GNOME Open Desktop Ratings

Choosing an application to install is hard when there are lots of possible projects matching a specific search term. We already list applications based on the integration level and with useful metrics like is it translated in my language and this makes sure that high quality applications are listed near the top of the results. For more information about an application we often want a more balanced view than the PR speak or unfounded claims of the upstream project. This is where user-contributed reviews come in.

To get a user to contribute a review (which takes time) we need to make the process as easy as possible. Making the user create a user account on yet-another-webservice will make this much harder and increase the barrier to participation to the point that very few people would contribute reviews. If anonymous reviewing does not work the plan is to use some kind of attestation service so you can use a GMail or Facebook for confirming your identity. At this point I'm hoping people will just be nice to each other and not abuse the service although this reviewing facility will go away if it starts being misused.
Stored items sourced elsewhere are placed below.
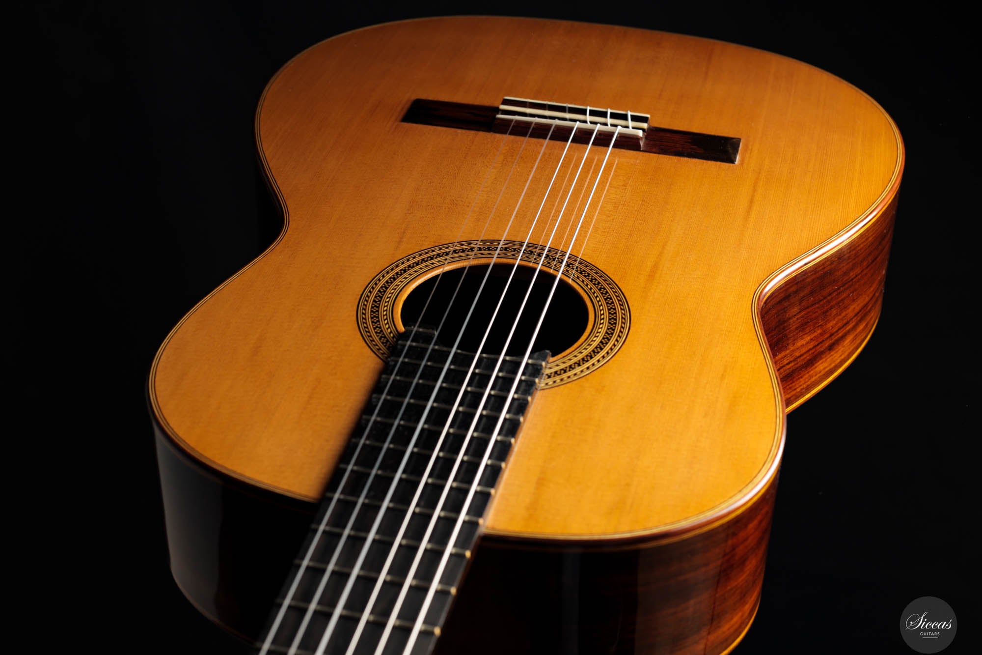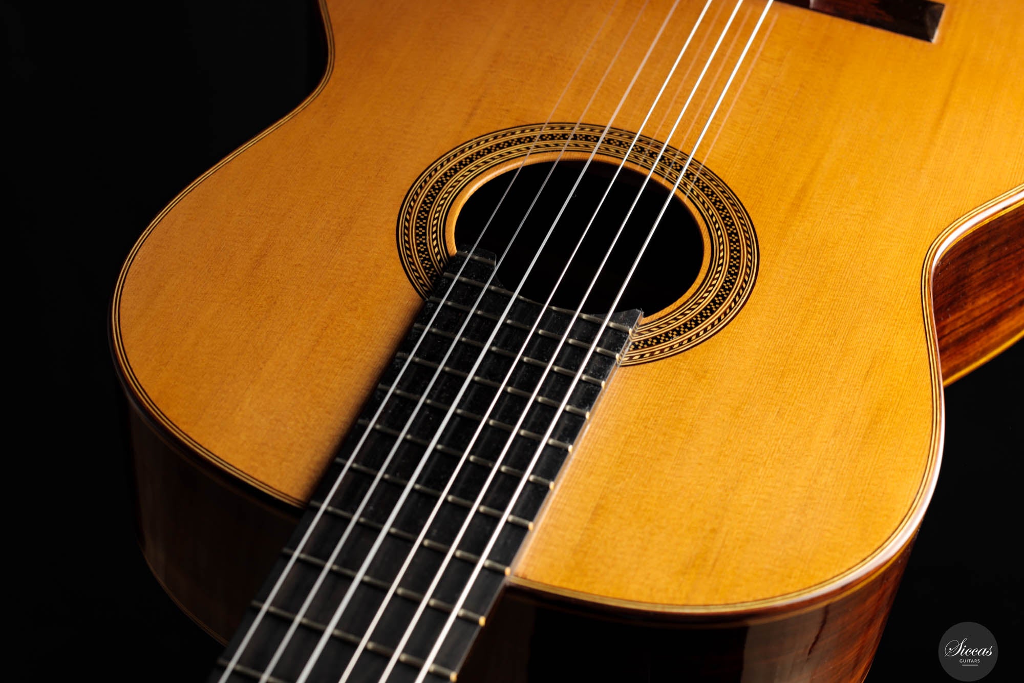 Die klassische Gitarre mit ihren weichen Nylonsaiten und ihrem charakteristischen Timbre ist zum Symbol der Kammermusik, der spanischen Tradition und des Konzertrepertoires geworden. Ihre moderne Form prägte Antonio de Torres im 19. Jahrhundert, indem er den Standard für Korpus, Fächerbeleistung und die 65-Zentimeter-Mensur setzte, die bis heute verwendet werden. Instrumente dieser Kategorie eröffnen eine reiche Palette von den feinen romantischen Miniaturen Tárregas bis zu den majestätischen Konzerten Rodrigos. Hier finden Sie Gitarren, die historische Kontinuität bewahren und zugleich zu neuen Interpretationen anregen.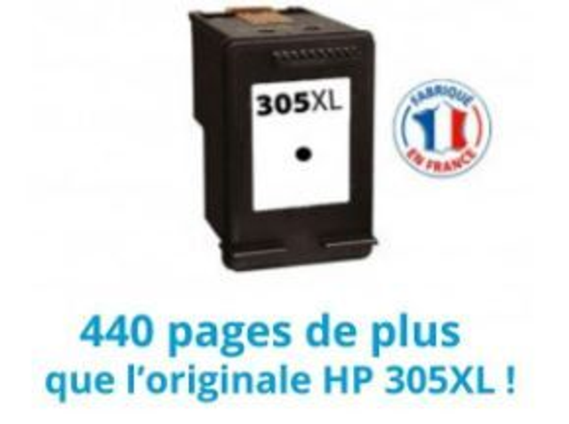 Cette cartouche d'encre noire HP 305XL - 3YM62AE compatible permet d'imprimer jusqu'à trois fois plus que la cartouche originale HP 305XL.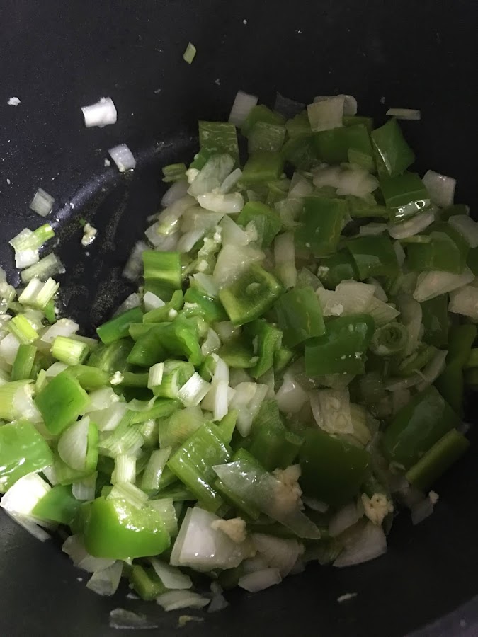 lascas de parmesanoSe pone en la cazuela donde se vaya a preparar el arroz el aceite de oliva. Se calienta suavemente y se pican los pimientos, el ajo y la cebolleta.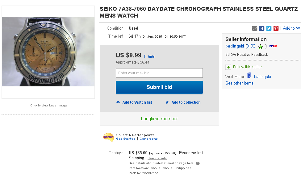 In case any readers may have missed my post on page 4 of the Heads Up on yet another 7A38 Franken(s) - Part 2 !! thread .... I guess it won't hurt to add a copy of it to this thread, where it fits just as well. Originally posted by myself on May 25, 2015 at 8:47 AM: I believe the current in vogue expression is: Made me want to throw up in my mouth (with or without 'a little bit'). Well, when I clapped eyes on Filipino arch watch botcher Badingski's latest http://www.ebay.co.uk/itm/201355942154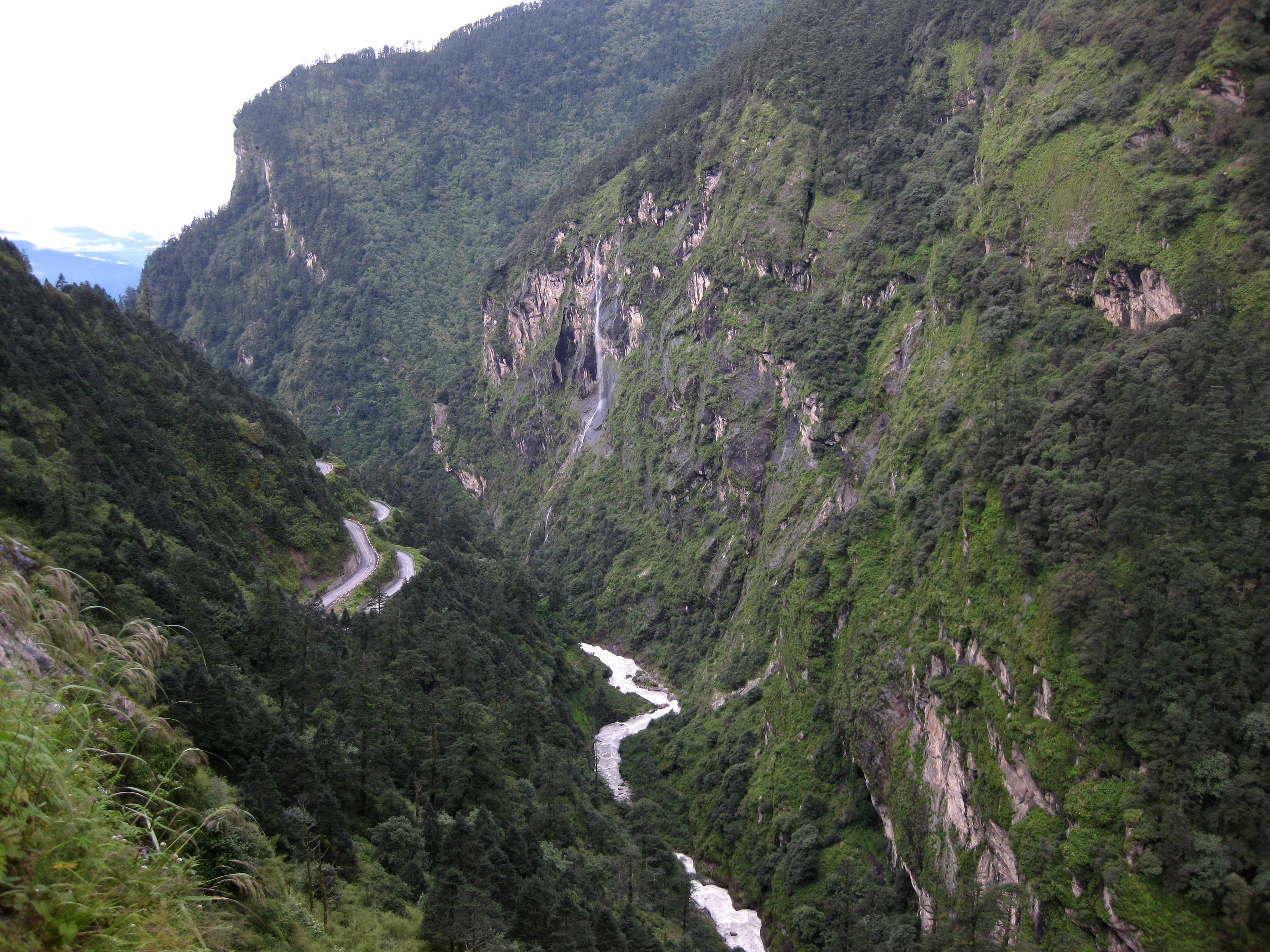 We rode on. What else was there to do? For at least another hour it poured. We seemed to be climbing non-stop. With a slight tail wind, I was too hot with my rain jacket on, but too wet to take it off without getting cold again. Eventually the rain seemed to ease and then, as quickly as it had arrived, it was gone. We could hear a constant rumbling sound – it was rainwater rushing down the streams and rivers alongside the road and even across the road in front of us in places.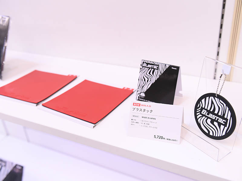 今シーズンのニッタクのイチオシラバー『ブラスタック』。新開発のカーボンブラックスポンジを搭載した「狙いどおりのボールを出せる」裏ソフトラバーで、全国大会への出場を目指す中級者をメインターゲットにしている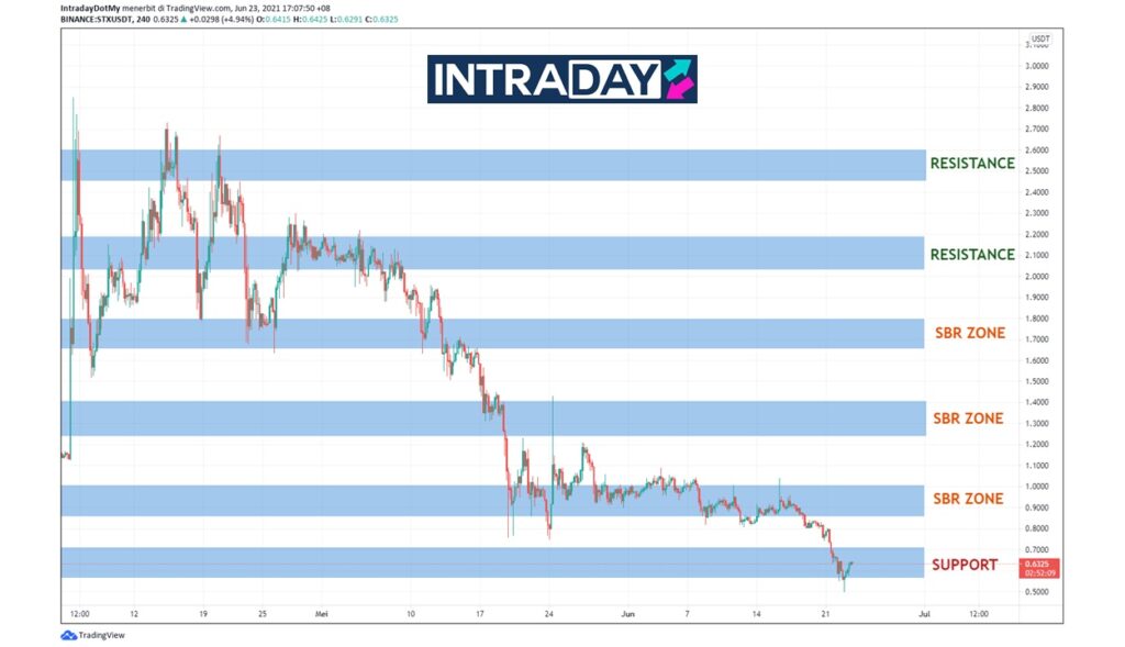 Setelah itu, STX gagal mengekalkan rentak kenaikan sehingga menyusut ke zon SBR (support become resistance) sekitar $0.90 pada penghujung bulan Mei.

Designing an anonymous service is hard when you have to be resilient against a socially awkward programmer with unusual political ideologies. Obviously when contacting a web service you share your IP address. This isn't enough to uniquely identify a machine and user, which we want for the following reasons:

  1. Allowing users to retract only their own reviews
  2. Stopping users up or down-voting the same review multiple times

A compromise would be to send a hash of two things that identify the user and machine. In GNOME Software we're using a SHA1 hash of the machine-id and the UNIX username along with a salt, although this user_id is only specified as a string and the format is not checked.

When the client requests some comments and sets the user_id hash as generated above the returned reviews have an additional key called user_key. The user key is a SHA1 hash of the user ID sent in the request, along with the application ID and also a secret value. It should be impossible to generate a user_key from a user_id without first requesting the reviews from the server. This prevents an end user just writing a trivial python program that can upvote a specific comment.

To then vote or remove a specific review you need to specify the user_key and user_id values along with the review_id.

Find the GDPR policy here.


For projects like RHEL where we care very much what comments are shown to paying customers we definitely want reviews to be pre-approved and checked before showing to customers. For admin_distros like Fedora we don't have this luxury and so we're going to rely on the community to self-regulate reviews. Reviews are either up-voted or down-voted according how useful they are along with the nuclear option of marking the review as abusive.

Choosing Reviews for each Application

By specifying the users current locale we can sort the potential application reviews according to a heuristic that we're still working on. Generally we want to prefer useful reviews in the users locale and hide ones that have been marked as abusive, and we also want to indicate the users self-review so they can remove it later if required. We also want to prioritize reviews for the current application version compared to really old versions of these applications.